We went inside and watched the John Oliver show and laughed and learned a startling amount. Then Wyatt and I took the recycling down to the alley.
Maggie was out there. We could smell her cigarettes and hear her nondescript classic rock and burbling of her hot tub.
Then Wyatt hopped and then crouched down. We saw the shadow at the same time, Maggie’s head streaming huge on the wall. I spotted the up-and-cross-alley neighbor, Timmy, taking his garbage out and I hissed, “Timmy, hey Timmy!”
Wyatt shushed me. He knew I wanted to ask Timmy about his next door neighbor, skeeby-guy. I think Skeebe and Maggie are making the beast with two backs.
I have never seen the front of Skeebe. I know him only as a man who wears dress socks, leather shoes, shorts and a wife-beater and has overdeveloped shoulders. I do not like that inverted triangle shape men get when they lift weights too much. It’s not a good look.
Calvin and I think Skeebe and Maggie are a thing. Timmy would know. He lives next door to Skeeve and I have seen him knock on Timmy’s door over and over again until Timmy’s wife comes out. She seems not happy to see him.
Timmy didn’t hear my hiss and Wyatt told me not to do it again.
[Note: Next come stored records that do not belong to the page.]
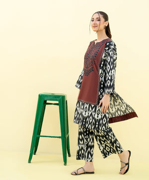 Falling Pretty By Kaanthaa Stitched 2 Piece Summer Suit-Spice Sketch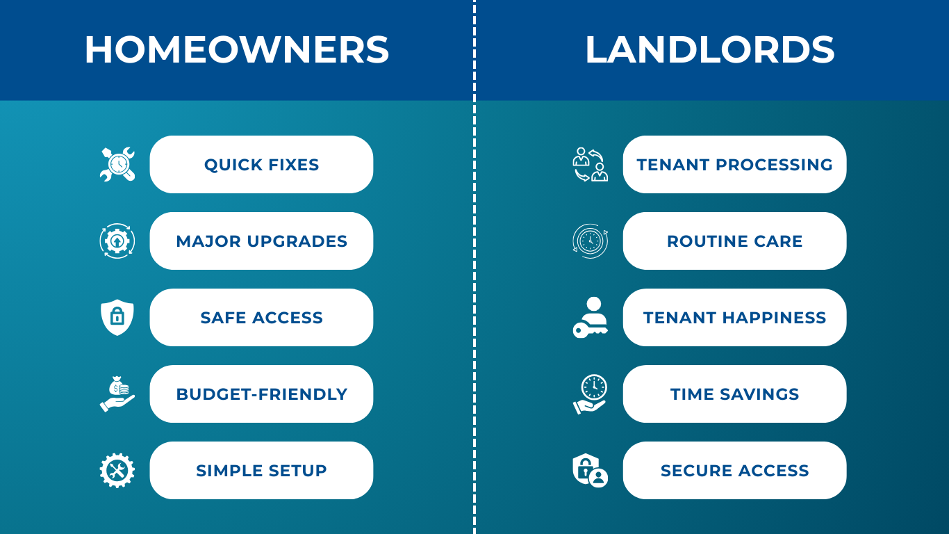 - For Homeowners & Landlords: Tailored support for repairs, upgrades, or multi-property needs.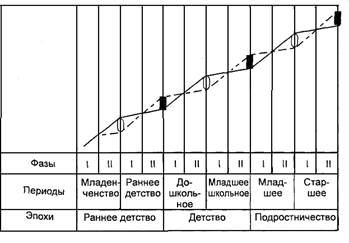 Возрастная периодизация зародилась в античной Греции. В различных отраслях науки о человеке существуют разнообразные, взаимодополняющие друг друга возрастные периодизации. В педиатрии различают два этапа и шесть периодов развития ребенка с момента зачатия до 18 лет, в педагогике принято семь периодов созревания, в психологии выделяют пять периодов развития ребенка[4] .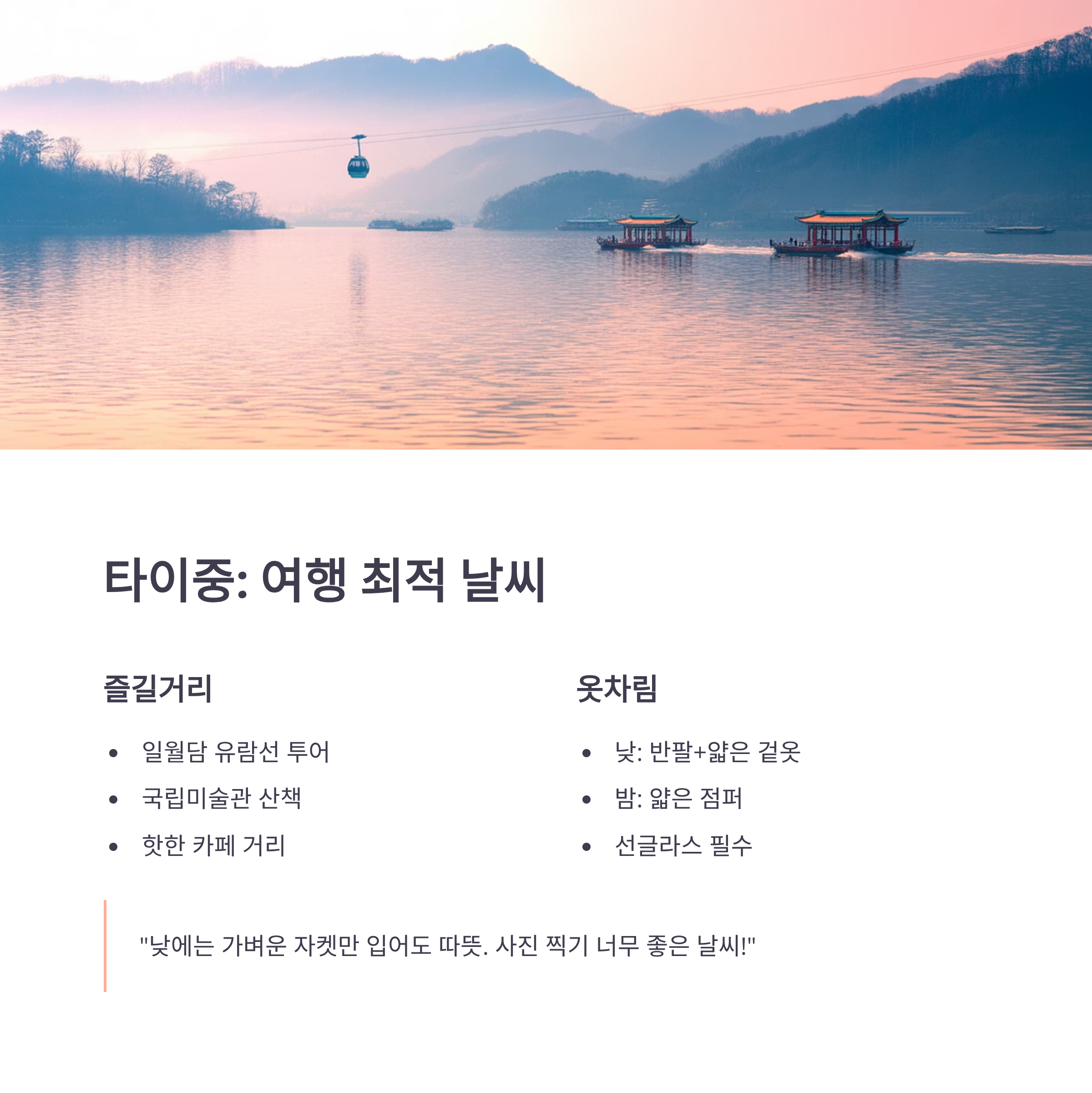 “낮에는 가벼운 자켓만 입어도 따뜻했어요. 사진 찍기 너무 좋은 날씨! 밤엔 조금 쌀쌀해서 숄 하나 걸치면 좋더라고요.”타이중 겨울 옷차림 팁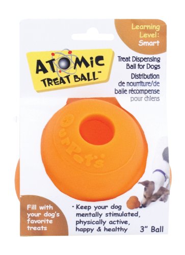 What better way to keep your dog mentally stimulated, physically active, happy, and healthy than with a toy that dispenses his favorite treats? Fill the Atomic Treat Ball with kibble or treats and watch as your dog rolls and nudges the ball to get the tasty morsels inside. Available in 3” and 5” sizes.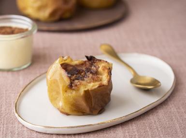 While the cakes bake, start preparing the stewed apples. Peel, core, and cube the apples. Pour into a pan and stir with lemon juice. Add the remaining ingredients - except corn flour- and cook at medium-high heat. The apples will have to be softened without losing their crunchiness. Mix the cornflour and some apple juice until it gets smooth, and then add to the apples. Bring to a boil to thicken the dough. Remove from the hob and let it cool down.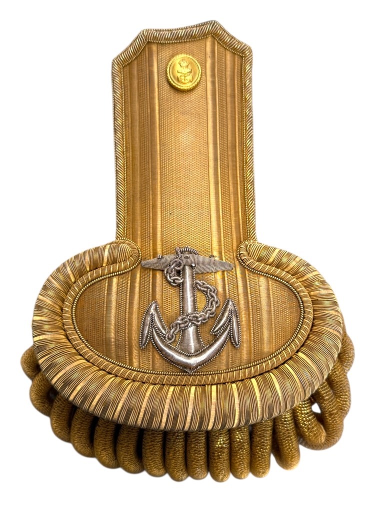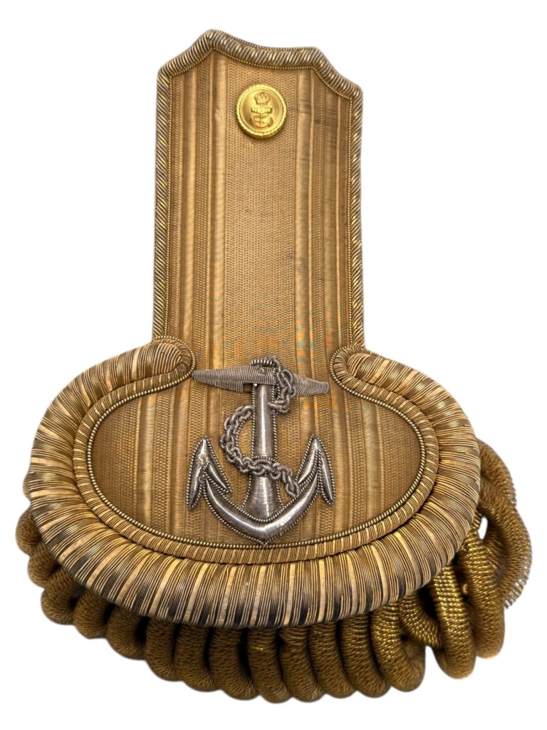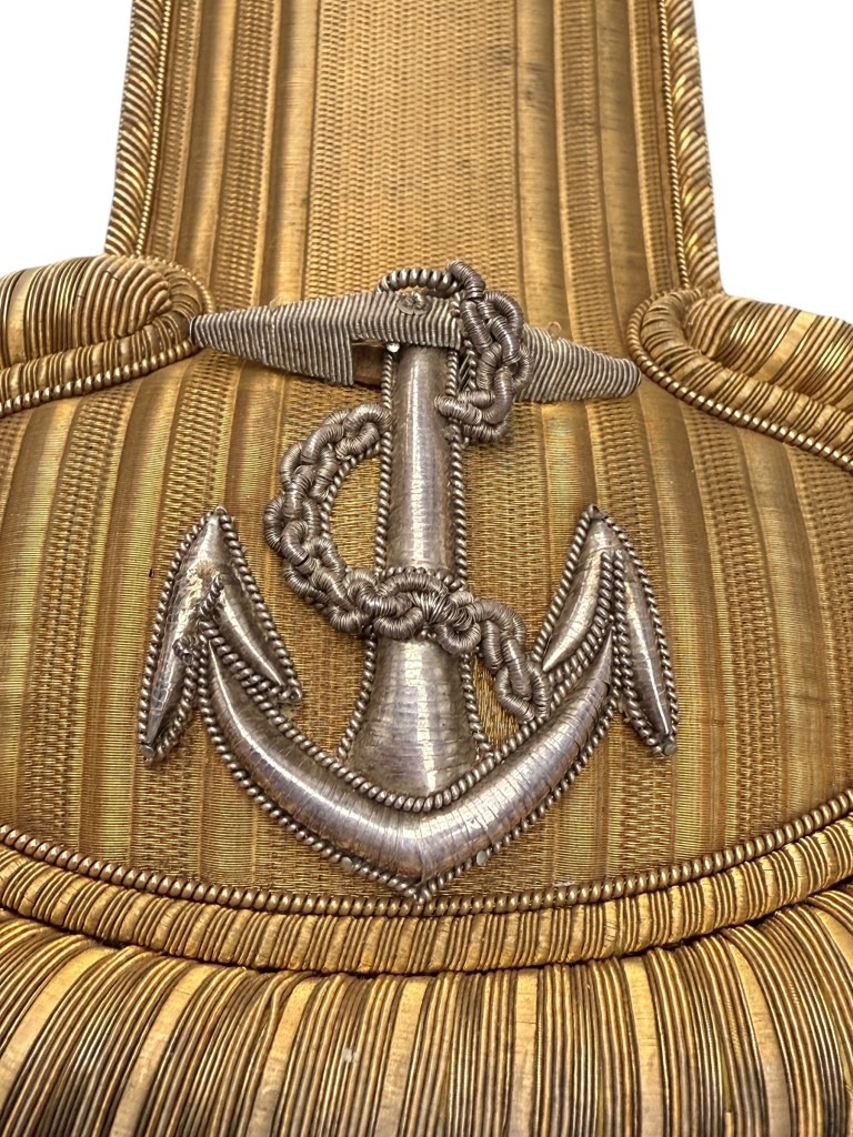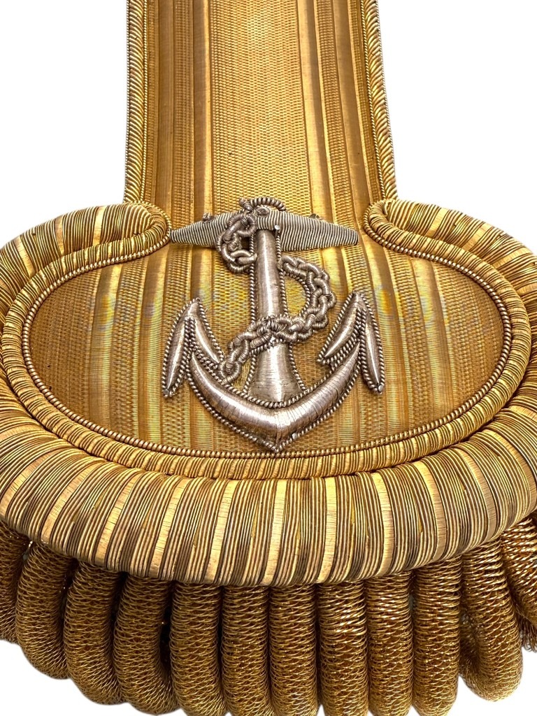 The epaulettes are made of gold bullion wire with rich bullion fringe and feature a finely detailed silver-coloured anchor emblem.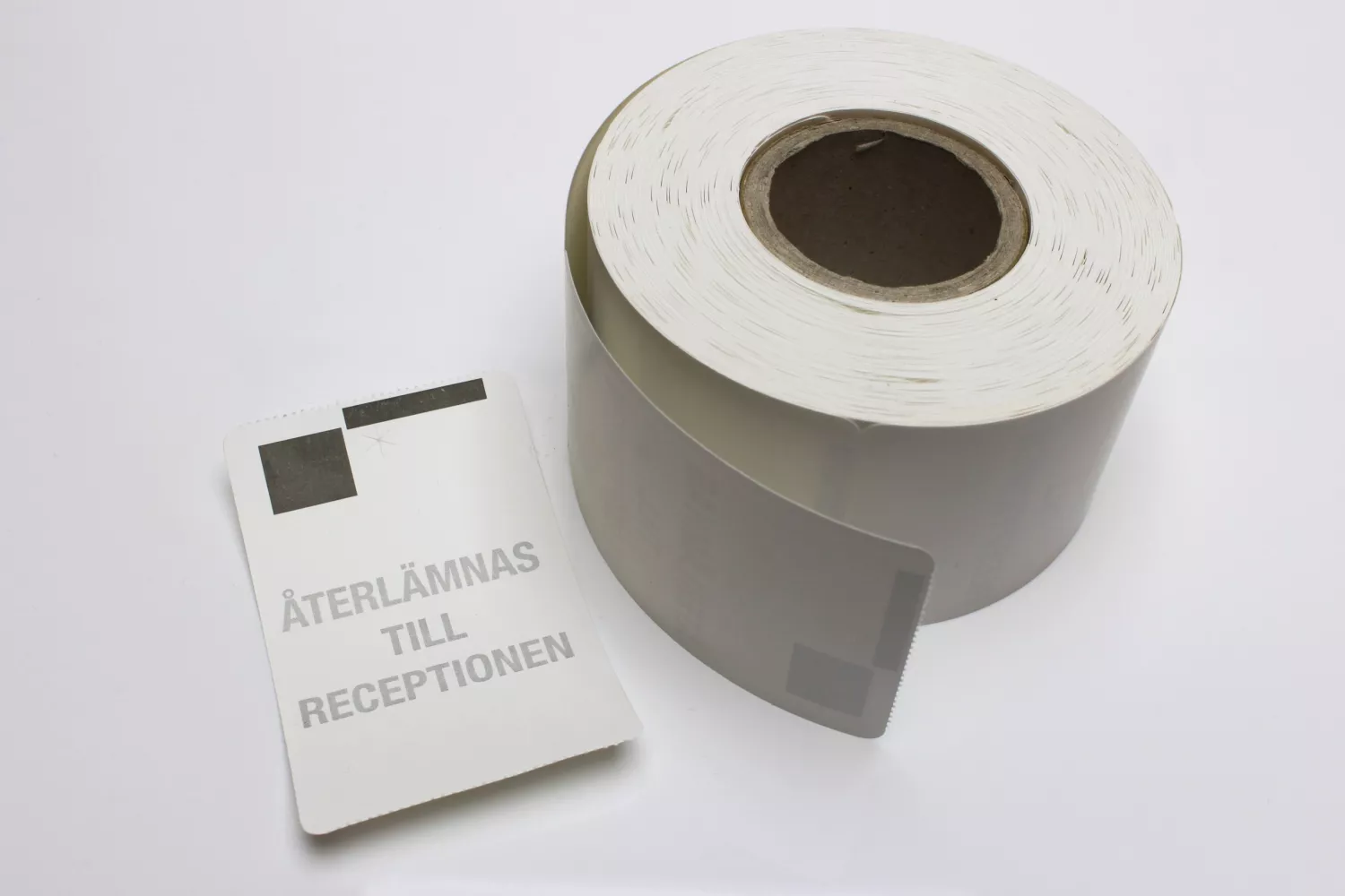 På baksidan av etiketten finns en förtryckt text som lyder: "ÅTERLÄMNAS TILL RECEPTIONEN" + blackmark + kryss (BB-3). Perforering mellan etiketterna och raka hörn.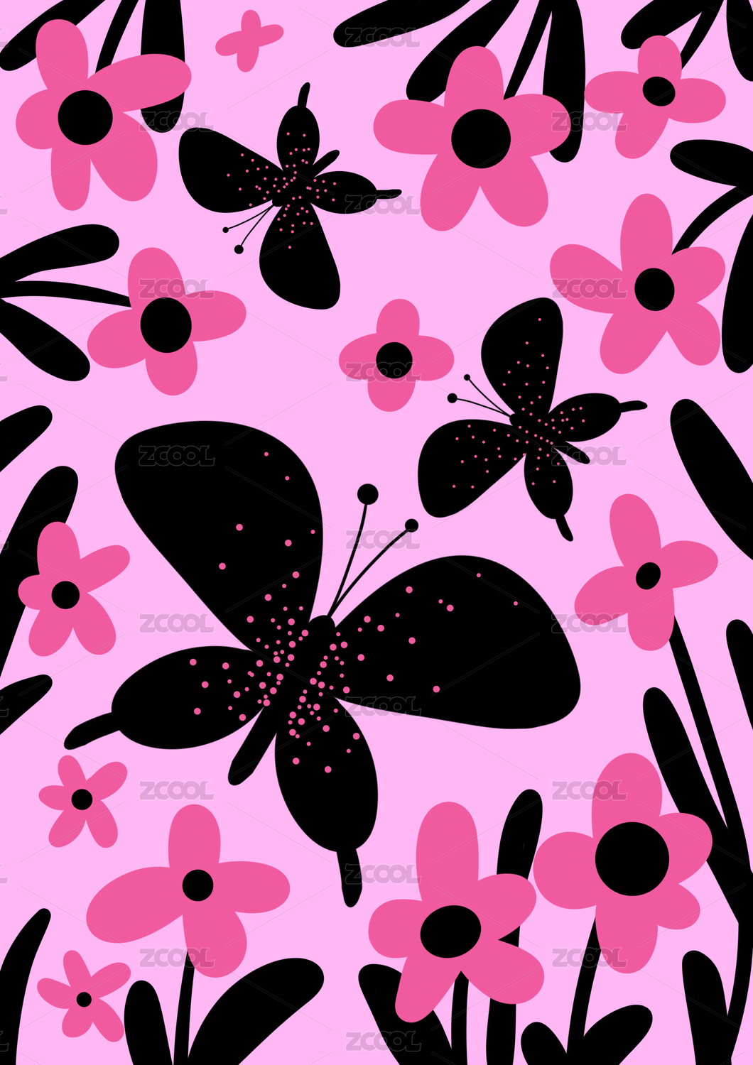 原创设计 梦幻插画 蝴蝶 花朵 浪漫美学 手机壁纸

Then we crouched behind our brick wall on the alley side and stared at Maggie’s giant shadow head.
“It’s like the minister movie.”
Yes, I knew what he meant but couldn’t remember the reference. “Love and Hate?” I asked.
“Yes!”
“Doctor Hate!”
“No!” Last night we had finished Dr Sleep, the sequel to The Shining, and we had all agreed it was the best Stephen King movie ever, maybe better than The Shining. And it’s always good to see Colorado even if it was filmed not anywhere near Colorado.
“Night of the Hunter!” I got it. The minister hunting the kids. The boat. The doll. The shadows. That was Maggie. She hunted us.
Wyatt carefully scrambled back to the door. I skillfully crab walk–somewhere between a spider and an armadillos, all the way back inside.
The night is just getting started. Wish us luck.